Sunday, July 8, 2007

Isaac Asimov Presents the Great SF Stories - 1939

1939 is seen as the beginning of the golden age of science fiction. Asimov, Heinlein, Del Ray, and Sturgeon are just a few of the 'big' SF authors who got their start at this time. I was curious to see how dated these stories might be, nearly 70 years later, and overall, I'd have to say they held up pretty well.

I was expecting a lot more "Buck Rogers" type action with all the melodrama of a space opera, but that was not what I found. Instead, I found a wide variety of pretty darn good stories. Several of them, such as The Cloak of Aesir by Don Stuart, The Black Destroyerby A.E. Van Vogt, and Heavy Planet by Milton Rothman, were very interesting stories of alien cultures, and other than some antiquated language, could have been written today.

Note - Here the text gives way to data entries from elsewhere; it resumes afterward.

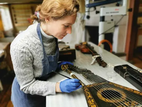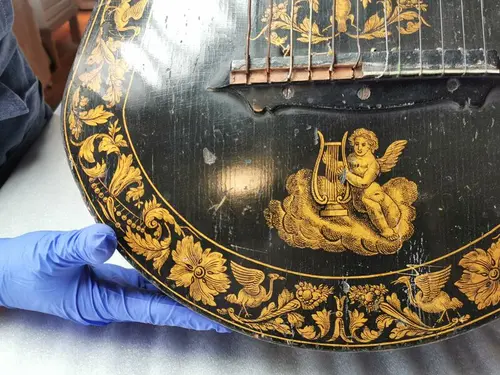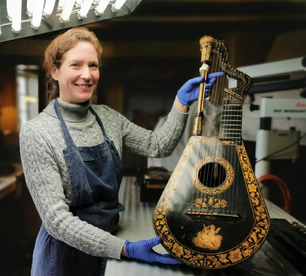 Materialkonservator Vera de Bruyn-Ouboter arbeider med en engelsk harpelutt fra 1810.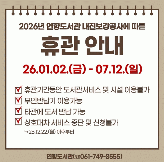 °ø»ç°¡ ÁøÇàµÇ´Â µ¿¾È, ¾ÈÀü»ç°í ¿¹¹æ µîÀ» À§ÇØ ¿¬Çâµµ¼­°üÀº Àӽà ÈÞ°üÇÑ´Ù. ÈÞ°ü¿¡ µû¸¥ ½Ã¹ÎµéÀÇ ÀÌ¿ë ºÒÆíÀ» ÁÙÀ̱â À§ÇØ ¿¬Çâµµ¼­°ü ´ëÇ¥ ¹®È­ÇÁ·Î±×·¥ÀÎ ¡®½Ã¹ÎÀι®ÇС¯°ú ¡®Ã»¼Ò³â Àι®ÇÐÇб³¡¯´Â °ü³» ½Ã¸³µµ¼­°üÀ¸·Î Àå¼Ò¸¦ ¿Å°Ü °ø¹é¾øÀÌ ¿î¿µÇϰí ÀüÀÚÃ¥ ¹× ¿Àµð¿ÀºÏ µî ºñ´ë¸é ¿Â¶óÀÎ ÄÜÅÙÃ÷ ÀÌ¿ë ¾È³»¸¦ ÅëÇØ ½Ã¹Î ¼ö¿ä¿¡ ´ëÀÀÇÒ ¿¹Á¤ÀÌ´Ù.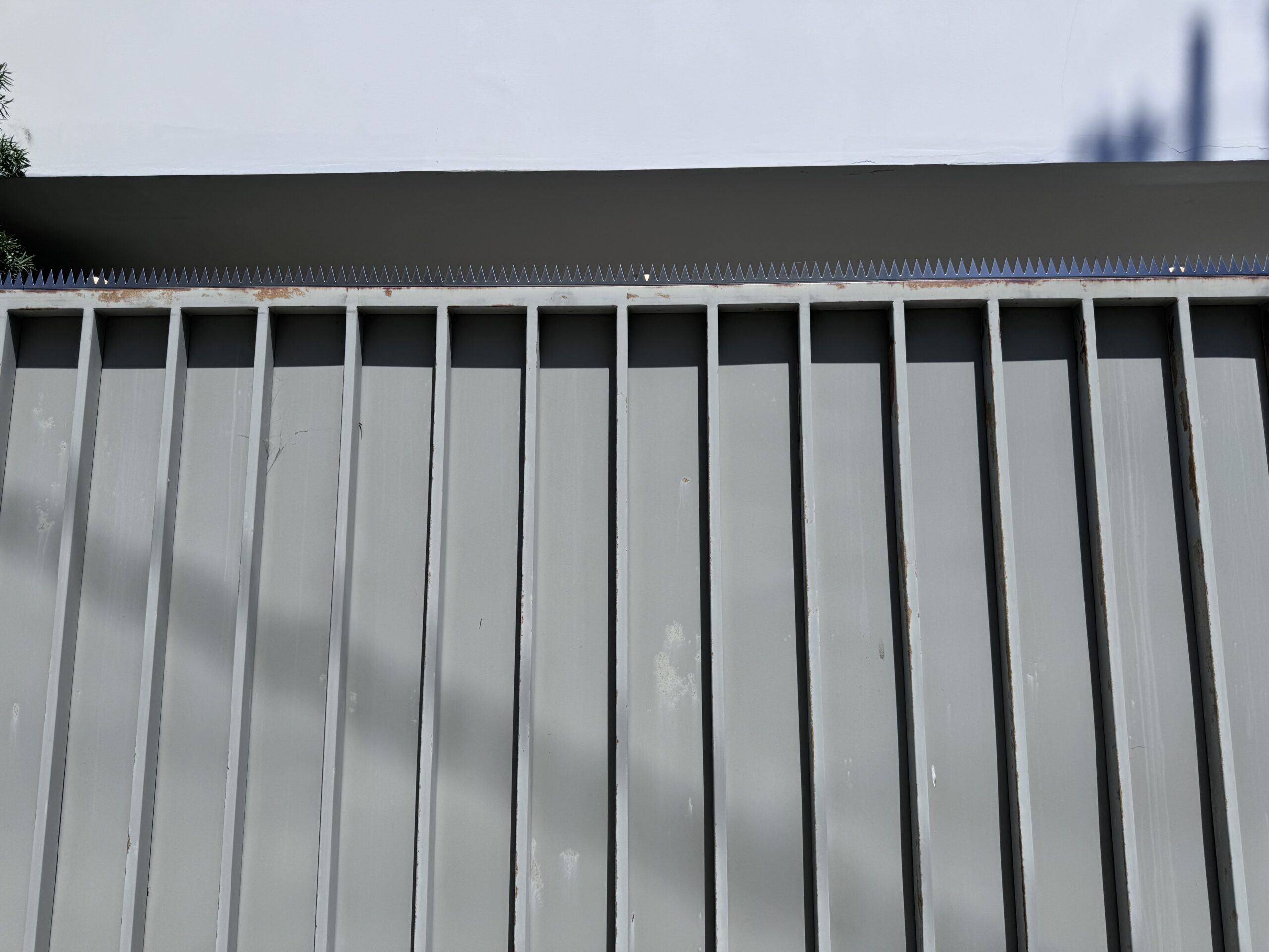 In einem ruhigen Wohngebiet von Venice haben wir die obere Kante eines robusten schmiedeeisernen Zauns zur rückseitigen Gasse hin verstärkt – mit Modern in einer durchgehenden Linie. Der Kunde mochte besonders, wie linear, kompromisslos und eindeutig modern das Profil wirkt – perfekt passend zur klaren Geometrie des Zauns.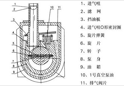 2XZ型旋片式真空泵的工作原理及結(jié)構(gòu)圖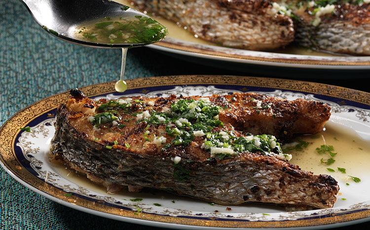 Рыбу можно нарезать на стейки толщиной около двух пальцев и обсыпать смесью из соли, панировочных сухарей и специй. При жарке на мангале важно следить за температурой углей, чтобы корочка на рыбе образовалась, а внутри она осталась сочной и нежной.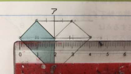 長さを等しくとるために、2cmなら倍の4cmを点から点まではかり、結びました。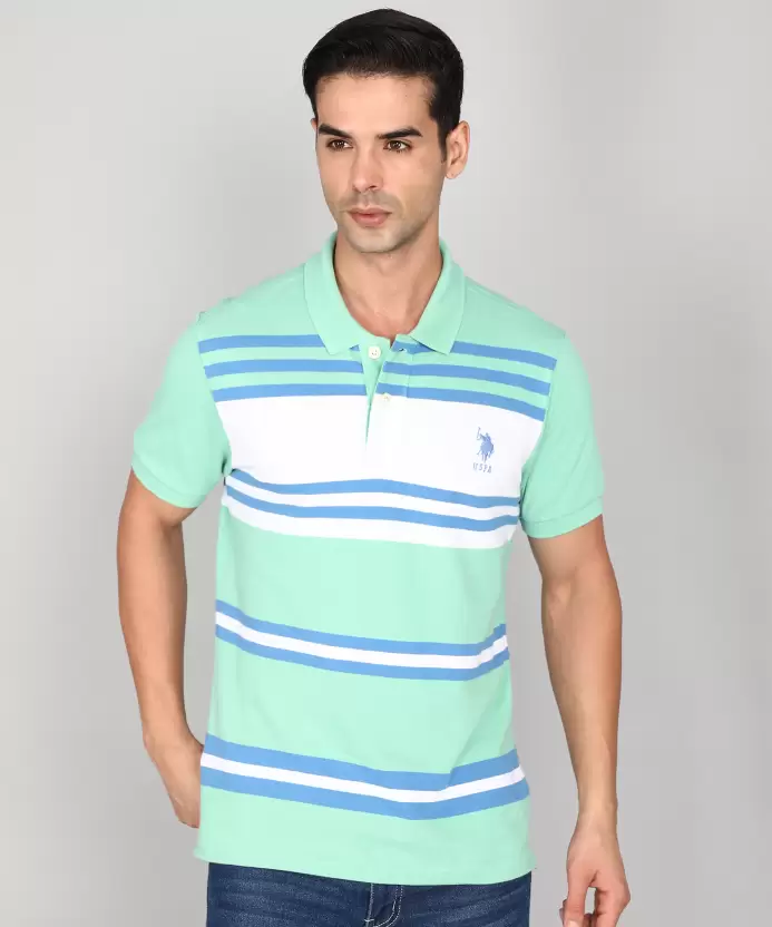 Home Clothes U.S. POLO ASSN. Men Striped Polo Neck Pure Cotton Green T-Shirt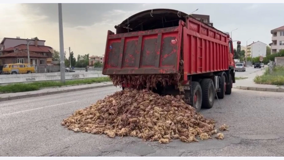Умрели пилета разнасят ужасяваща миризма по улиците на Хасково. Това става ясно от клип, публикуван във фейсбук от XNews. На него се вижда, как труповете на животните изпадат от каросерията на камион на улица "Банска", преди Икономическия техникум.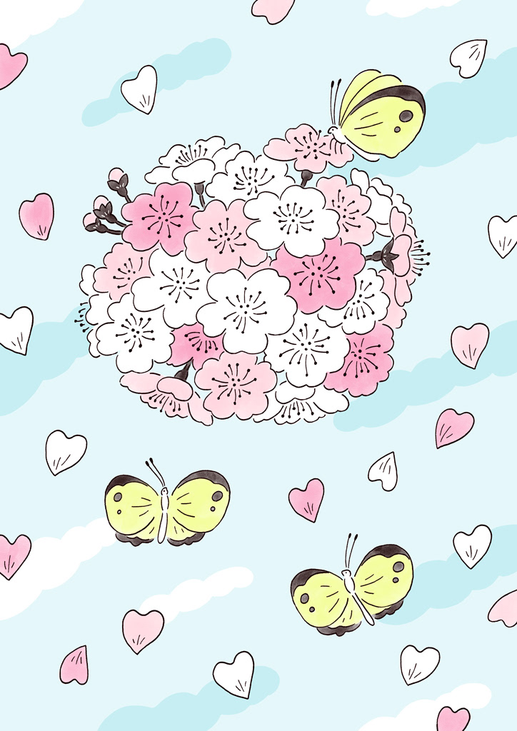 桜を円形に構成し、そのまわりに散る桜の花びらと舞う蝶。

There were several 'fantasy' type stories - not in the Tolkien vein, but definitely not very science-based. These seemed a little naive and simple, but I must say I did enjoy Jack Williamson's Star Bright.

The most obvious clue to the age of the stories was the antiquated writing. Without fail, a full-grown woman was always referred to as a girl. Men were definitely the "leading man" type - taking the lead (when there were women in the story at all!). There were also a couple of slightly racist references, such as describing the character of an Asian man as having the "ancient politeness of his race".

I am glad I got to read these stories, even though they weren't all great, because they were all significant. Personally, I am very grateful at the progress seen in modern writing, but it was most educational to read stories from the very birth of science fiction as a legitimate genre. (Thanks, Robin, for sending it to me!)